Practical Recommendations
The article identifies practical priorities for improving dataset maturity, such as expanded validation capacity and broader demographic participation, which are actionable and relevant for future dataset development.
Demerits
Limited Scope
The analysis is focused solely on the Pashto component of the Common Voice corpus, which may limit the generalizability of the findings to other languages or datasets.
Data Limitations
The study highlights issues such as incomplete gender metadata and skewed age representation, which could affect the reliability and validity of the findings.
Future Projections
The analysis includes projections based on version 24.0 from December 2025, which may not accurately reflect future trends or developments in the dataset.
Expert Commentary
The article provides a valuable and timely analysis of the Pashto Common Voice dataset, highlighting both its rapid growth and the challenges it faces in terms of contributor participation, demographic representation, and data quality.
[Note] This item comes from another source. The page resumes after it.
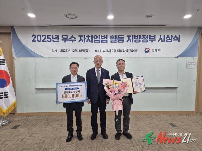 충주시가 법제처가 주관하는 ‘2025년 우수 자치입법 활동 지방정부’로 선정돼 법제처장상을 수상했다.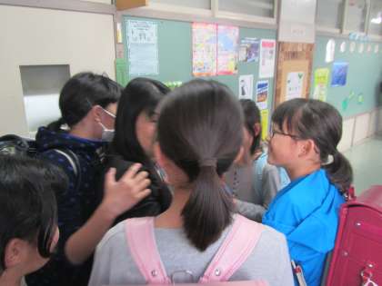 各学級で挨拶を終えた子どもたちが先生たちのところにやってきました。

The study's rigorous methodology and comprehensive analysis offer important insights for researchers and practitioners working on ASR systems for underrepresented languages. The findings underscore the need for expanded validation capacity and broader demographic participation to improve dataset maturity. Additionally, the article's practical recommendations are actionable and relevant for future dataset development. However, the study's limited scope and data limitations should be considered when interpreting the results. Overall, this analysis contributes significantly to the ongoing efforts to address language representation and data quality in the development of ASR systems.
Recommendations
- ✓ Expand validation capacity to ensure the quality and reliability of the dataset.
- ✓ Promote broader demographic participation to improve the representativeness of the dataset.